Ideally, Monahan adds, the cold storage wallet should be a multi-signature one, where the keys that control the individual accounts are kept secure and in multiple physically separate locations:
“Just like a company has a bank account with multiple signers, the cold storage would be controlled in that fashion and perhaps by the same people. Depending on the size of the operation, it would likely be the CEO, possibly the CTO, perhaps a board member or CFO type person, or another trusted party. Even if a company were to choose not to utilize multi-signature wallets for whatever reason, there should always be multiple backups in physically distinct locations.”
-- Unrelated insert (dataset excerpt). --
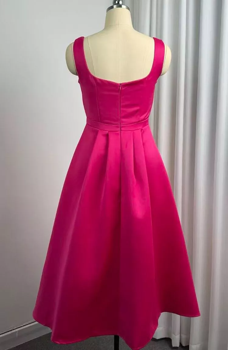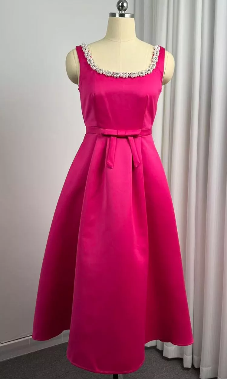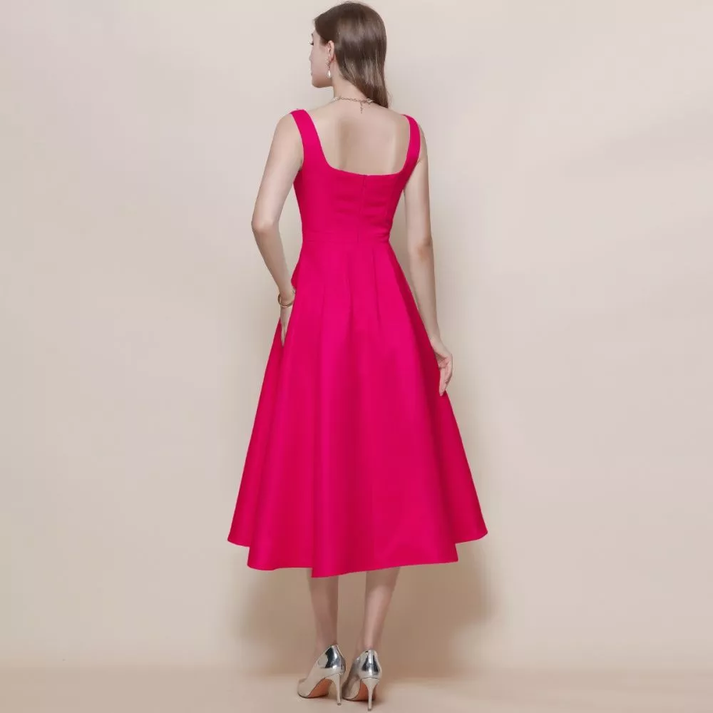 Un modello raffinato e femminile, ideale per cerimonie, eventi o serate eleganti, che combina classe e modernità grazie al suo colore rosa intenso e alla linea midi.

Monahan has also been analyzing ETH wallet addresses attributed to QuadrigaCX. Based on preliminary results of her study, she suggests that QuadrigaCX might not have any ETH cold wallets at all:
“Based on what I’ve seen with their other main Ethereum wallets, I haven’t found any signs of a cold wallet. We can see large amounts of ETH move between their known ‘hot’ wallets. We see large amounts of ETH being moved temporarily to a variety of addresses before quickly being sent onto an exchange. But we don’t see any significant amount of funds being moved to something that resembles ‘cold’ storage.”
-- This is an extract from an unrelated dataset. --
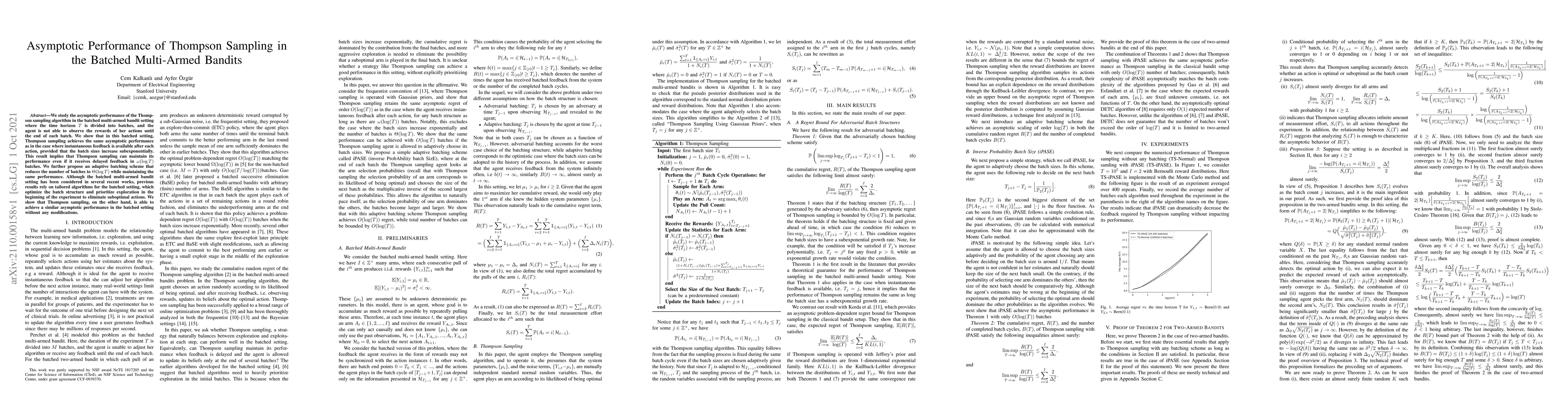 This paper investigates the asymptotic performance of Thompson sampling in batched multi-armed bandits, demonstrating it maintains performance with delayed feedback as batch sizes increase subexponentially. An adaptive batching scheme reduces batch count to $\Theta(\log T)$ while preserving performance.

Other research, published on cryptocurrency portal Zerononcense Blog, also suggests that QuadrigaCX never had cold storage, per se. The report’s authors claim that they used “only 100% verified transactions with the exchange,” but admit that the findings may not be wholly accurate. The first of six summary findings in the report states:
“It appears that there are no identifiable cold wallet reserves for QuadrigaCX.”
According to the research, the exchange likely only had cryptocurrency reserves of under $100 million. The report also contains alleged evidence that shows a party had access to the company’s wallets after Cotten died, reportedly making several outgoing transactions since Dec. 9.
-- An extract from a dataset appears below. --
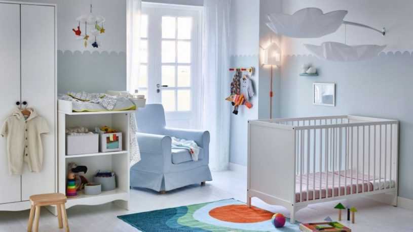 Удобно, если пеленальный столик оборудован ящиками для хранения детского белья, пеленок, памперсов, повседневной одежды. Если этого нет, в детской нужен небольшой комод – он пригодится и в будущем. Для ухода за новорожденным требуется масса нужных мелочей – салфетки, присыпки, масла, бутылочки. Для их хранения хорошо подходят открытые стеллажные полки (впоследствии пригодятся для многочисленных детских игрушек), подвесные матерчатые карманы (можно укреплять на кроватке или на специальных креплениях).

“It does not appear that QuadrigaCX has lost access to their Bitcoin holdings.”
Further suspicions center around QuadrigaCX using customer deposits to pay customer obligations. Thus, the research notes that a comparison of QuadrigaCX’s withdrawal practices to those of other established crypto exchanges — such as Coinbase, Bittrex and Binance — shows that the “movement of bitcoins to satisfy customer demand is highly unorthodox and extremely inefficient for any legitimate exchange.”